Last year on September 30, his award-winning "Maine Gandhi ko Nahin Maara" was released. The story of a Hindi professor, who is an Alzheimer patient, Kher won applause for his portrayal of Gandhiism. And now, just a little over a year after Jahnu Barua's film, he plays a dwarf in regular mainstream cinema. Now sandwich "Khosla Ka... " between the two and you have the complete picture of a man who gets into the skin of the character with the ease of a fish to water. Says Kher, "This is indeed the best phase of my career on the big screen. People call everybody versatile for playing two roles. Often those who evoke fear are worshipped in the industry. But I have been able to prove my worth with two diametrically different performances in `Maine Gandhi... ' and `Khosla Ka... ' over a period of a year or so."

But somewhere, isn't he taken for granted by the media and the audiences?

"Maybe true but I am in no hurry to impress people. I am at that stage of life when I don't have to prove anything to anybody. Personally, I am a little laidback. I have opened my own acting school, been busy with other responsibilities, even television," shares Kher. What he shies away from sharing is that he has not had the best of times with the powers that be during his stint as the Chairman, Central Board of Film Certification.

Being laidback has not stopped Kher from multi-tasking. Acting school and doing "Kuchh Khatti Kuchh Meethi" on Zee Smile, are not likely to keep Kher away from films. With "Khosla Ka... " out of the way and "Jaan-e-man" wrapped up, he is busy producing "Homeland" that is being directed by Ashok Pandit. "It is close to my heart. We get to tell a story here, the cause gets a conversation forum." Incidentally, "Homeland" is the story of Kashmiri Pandits in refugee camps in Jammu. Then there's "Gandhi Park" which Kher, is keen to clarify, "has nothing to do with Gandhiji".

"It is a cross-culture story of immigrants. The film's name comes from a park in New York."

Now add a "Vivah" or "Apna Sapna Money Money", and you would see the platter overflowing for the actor. So many different shades, so many different roles, so many different facets of cinema. For Kher though there is more to come. Screening this coming Friday is "Hope and a Little Sugar", a Muslim-Sikh love story against the backdrop of 9/11. Directed by Tanuja Chandra, the film is making ripples on the international circuit already. "It is an unconventional story," is all he is ready to say. Much the same way he talks of "American Blend" where he stars with the likes of Dee Wallace Stone and Kristin Erickson. Directed by Varun Khanna, Kher reveals, is another "cross-culture film". A story of a family's tribulations and triumph in Los Angeles, it too is likely to be released in a phased manner beginning this Friday.
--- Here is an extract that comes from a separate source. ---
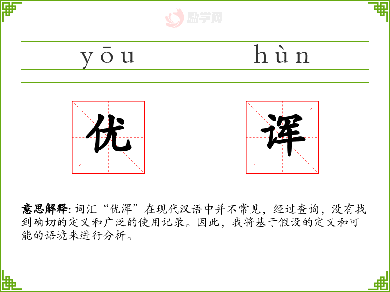词汇“优浑”在现代汉语中并不常见,经过查询,没有找到确切的定义和广泛的使用记录。因此,我将基于假设的定义和可能的语境来进行分析。

He is all set to part but not before one is able to extract another gem from him. "For every film I do I give two thousand rupees to Mahesh Bhatt as guru dakshina. He goes and buys some books. This humble sum from my side is an acknowledgement of the break he provided me in `Saaransh'. It is part of a tradition, a parampara for me."

A parampara of versatility, a tradition of success, one may add. Reason to be gay. The traditional way, one may hasten to add.